Well, our SR implementation is "streaming": frame in - frame out. Internally for each new frame
it uses its own result for previous frame, i.e. to upsample frame N it uses upsampled frame N-1
for which frame N-2 was used, for which frame N-3 was used and so on. In this sense all previous
frames are used to make the current one. However video is changing from frame to frame and as
new information gets accumulated old information gets forgotten. And when processing frame 100
there is hardly anything left from frame 1. So how many frames are really used?
To answer this question we took some files from our
video resize shootout
and upsized them 2 times first the whole files, then starting from frame 20, then starting from frame 40 etc.
Then we measured PSNR for each frame and looked at the charts.
When SR is just starting, there is no history for the first frame, so it's upscaled using an image interpolation
method. The second frame is processed with SR but there is only one frame of accumulated information.

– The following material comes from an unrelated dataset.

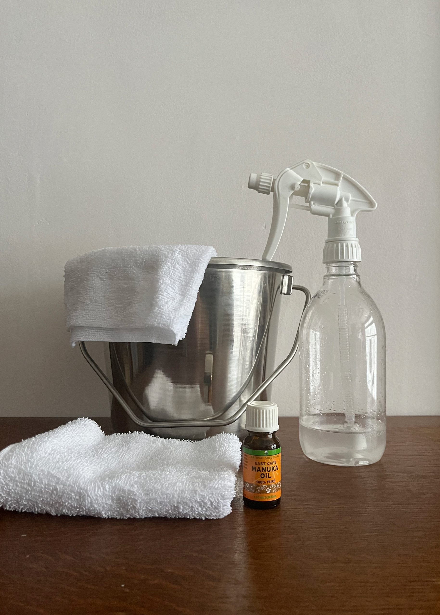 今日はマヌカオイルを入れたスプレーで床や愛犬のクレートを拭きました。

For frame 3 there are two frames of history. When we start processing from the middle, we can compare
results with processing from the beginning. This is where we can see the difference between processing with
short history and with longer history, and see how quickly one catches up with the other (it's obvious that
there shouldn't be any difference between 10000 and 10020 frames of history, so the difference must
decrease over time).
Here are some of the charts we got for karate.avi sequence:
And here are some for avatar1.avi file:
In karate.avi video content changes more quickly, so effective history (number of frames that can be used for SR)
is shorter, hence the difference between processing from beginning and from the middle decreases faster.
Here's the average PSNR difference:
The peak at frame 1 shows PSNR difference between video processed with super resolution with some
history and single-frame upsampling. As history of accumulated frames gets longer, the average PSNR difference
decreases. After 5 frames are processed this difference becomes lower than 0.1 dB. And although for slowly
changing videos like avatar1.avi it doesn't fall to zero for a long time, in practice 0.1 dB is indistinguishable for
human eye.
So our conclusion will be: number of frames that super resolution needs to perform best depends strongly on
video content (the slower video changes, the more frames can be used), but 5-6 frames is enough for most
cases.
tags: super_resolution
|